* _TASK DESCRIPTION_
Copy out every line of the data exactly; do not include the images.

* _SUPPLIED MATERIAL_
- - - -

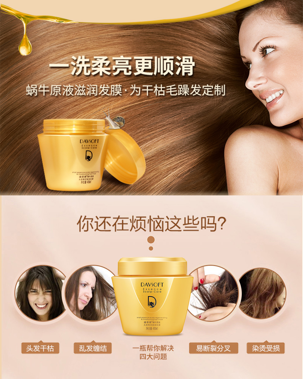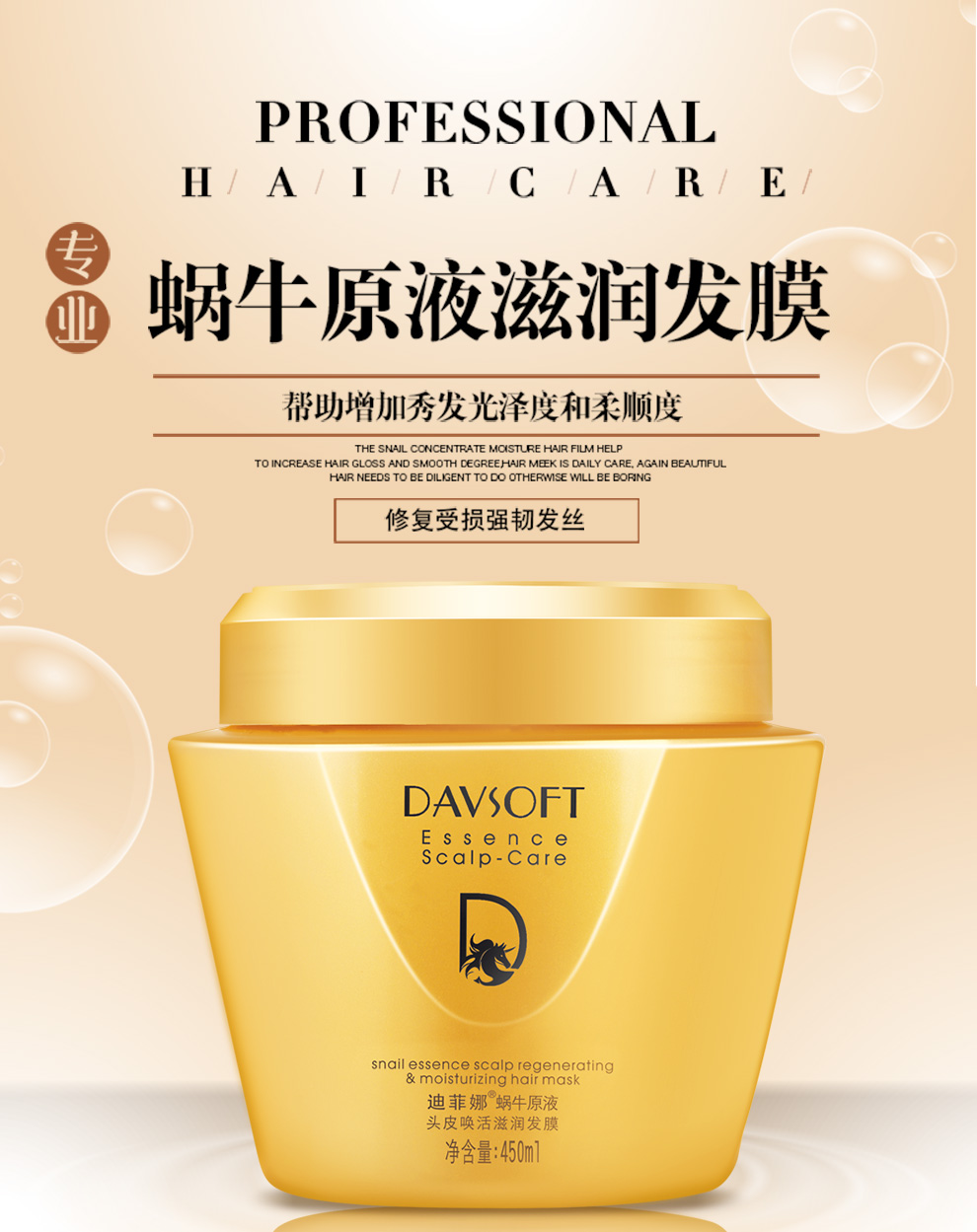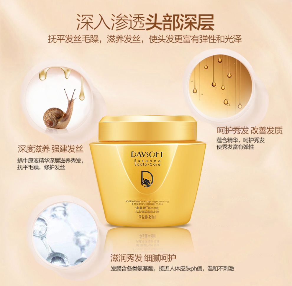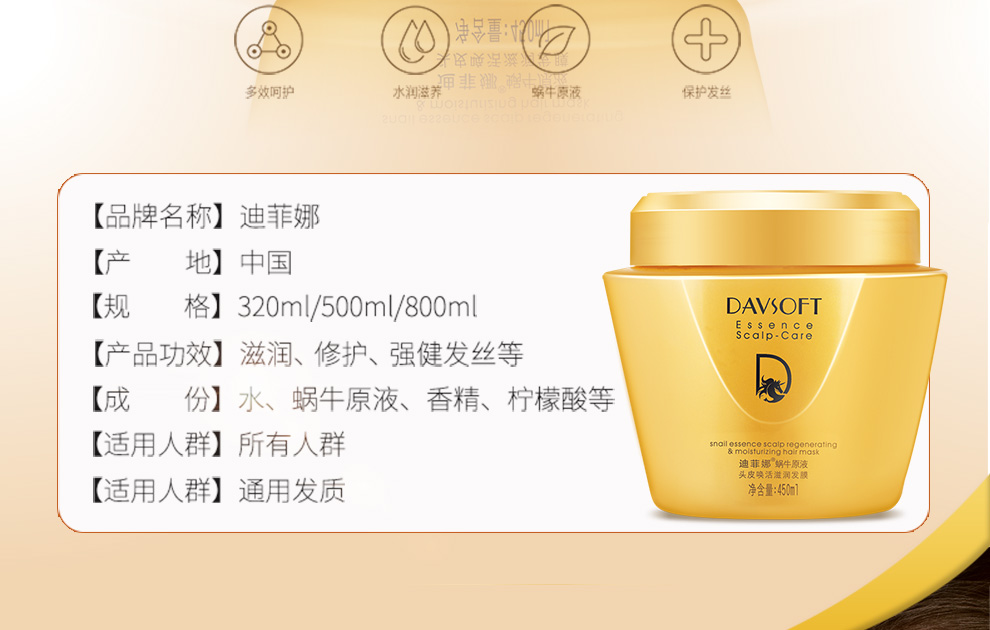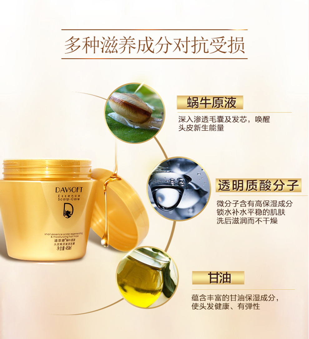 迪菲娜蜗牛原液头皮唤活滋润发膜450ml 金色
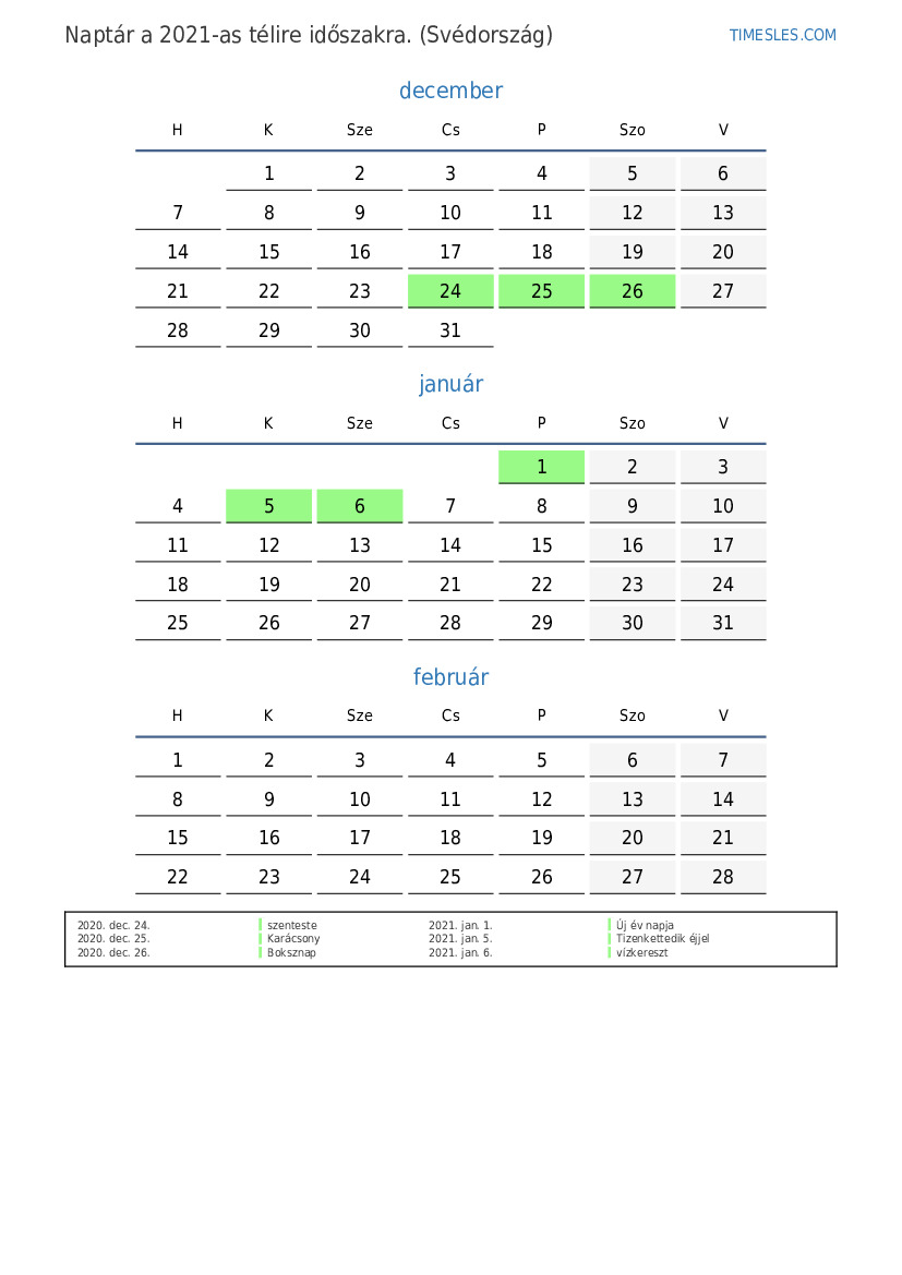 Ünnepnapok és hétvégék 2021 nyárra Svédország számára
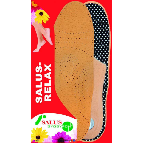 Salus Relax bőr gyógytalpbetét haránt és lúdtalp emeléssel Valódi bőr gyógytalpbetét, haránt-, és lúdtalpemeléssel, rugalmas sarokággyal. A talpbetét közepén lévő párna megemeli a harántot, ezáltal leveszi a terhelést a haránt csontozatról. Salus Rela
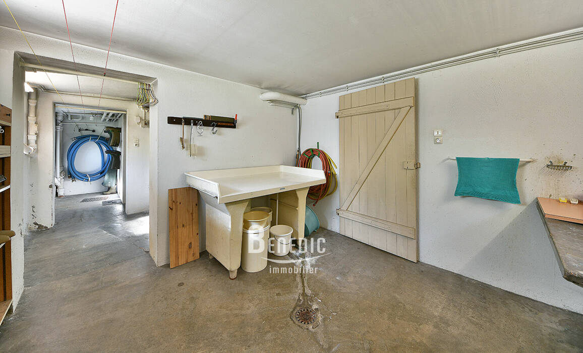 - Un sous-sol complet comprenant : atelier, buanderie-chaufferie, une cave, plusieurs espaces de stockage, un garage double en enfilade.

- - - -

* _RESPONSE BOX_
 迪菲娜蜗牛原液头皮唤活滋润发膜450ml 金色
 Ünnepnapok és hétvégék 2021 nyárra Svédország számára
 Salus Relax bőr gyógytalpbetét haránt és lúdtalp emeléssel Valódi bőr gyógytalpbetét, haránt-, és lúdtalpemeléssel, rugalmas sarokággyal. A talpbetét közepén lévő párna megemeli a harántot, ezáltal leveszi a terhelést a haránt csontozatról. Salus Rela
 - Un sous-sol complet comprenant : atelier, buanderie-chaufferie, une cave, plusieurs espaces de stockage, un garage double en enfilade.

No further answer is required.